→ TASK:
Write out the data word for word and omit every picture.

→ PROVIDED DATA:
------------------------------------------------------------------------

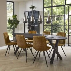 Deze ovale eetkamertafel ‘Yucon black’ is 240 cm breed en heeft een bladdikte van 30 mm. De tafel is uitgevoerd in massief acaciahout met een gun metal frame. Trendy en chique zijn de woorden die deze tafel perfect omschrijven. De tafel bestaat er ook in 200 cm. Deze tafel maakt onderdeel uit van de ‘Yucon black’ serie.
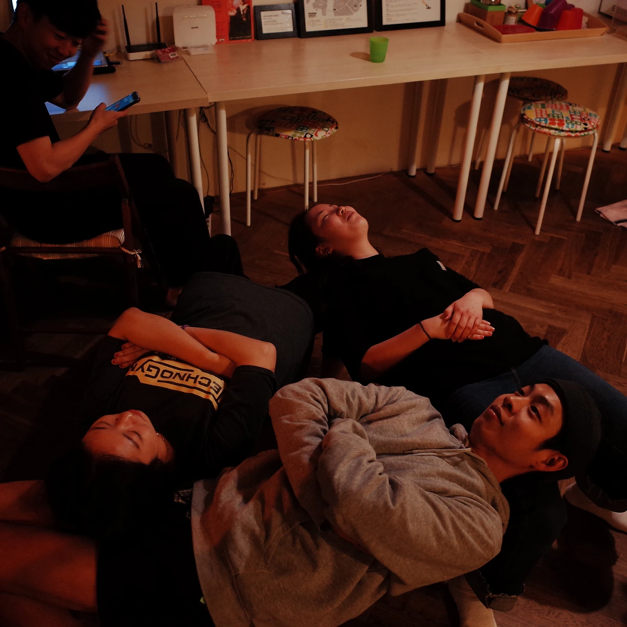 이 사진은 거실에서 함께하던 손님이 '이런 스태프들은 처음 본다'며 끊임없이 폭소하며 찍어주신 사진이다.
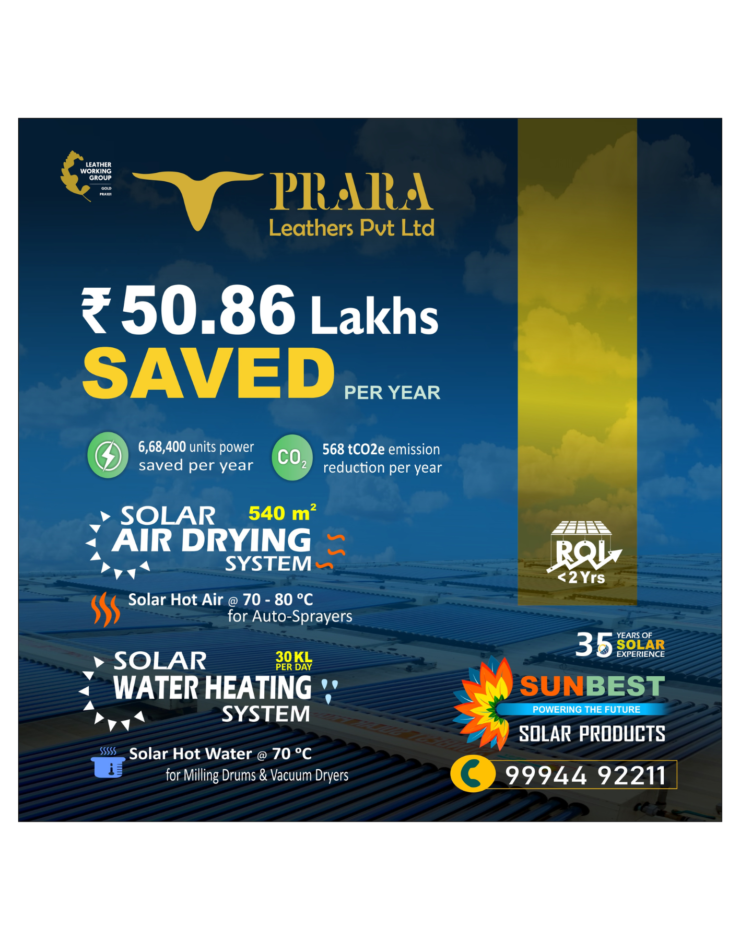 In 2018, we installed a 50,000L/day solar water heating system at Avanti Leathers and subsequently we have installed a 540 sq.m solar air drying system and a 30,000L/day solar water heating system at Prara Leathers, Ranipet. These systems led to substantial electricity and steam savings, cutting overall energy costs. We are proud to stat that since September 2023, our Ranipet unit operates solely on Sunbest's solar solutions without the need for our 4-tonne and 2-tonne firewood boilers. This transition to green energy not only enhances our corporate image but also contributes to a sustainable future. We appreciate the Sunbest team for their dedicated support.

------------------------------------------------------------------------

→ OUTPUT FOR THIS EXERCISE:
 Deze ovale eetkamertafel ‘Yucon black’ is 240 cm breed en heeft een bladdikte van 30 mm. De tafel is uitgevoerd in massief acaciahout met een gun metal frame. Trendy en chique zijn de woorden die deze tafel perfect omschrijven. De tafel bestaat er ook in 200 cm. Deze tafel maakt onderdeel uit van de ‘Yucon black’ serie.
 이 사진은 거실에서 함께하던 손님이 '이런 스태프들은 처음 본다'며 끊임없이 폭소하며 찍어주신 사진이다.
 In 2018, we installed a 50,000L/day solar water heating system at Avanti Leathers and subsequently we have installed a 540 sq.m solar air drying system and a 30,000L/day solar water heating system at Prara Leathers, Ranipet. These systems led to substantial electricity and steam savings, cutting overall energy costs. We are proud to stat that since September 2023, our Ranipet unit operates solely on Sunbest's solar solutions without the need for our 4-tonne and 2-tonne firewood boilers. This transition to green energy not only enhances our corporate image but also contributes to a sustainable future. We appreciate the Sunbest team for their dedicated support.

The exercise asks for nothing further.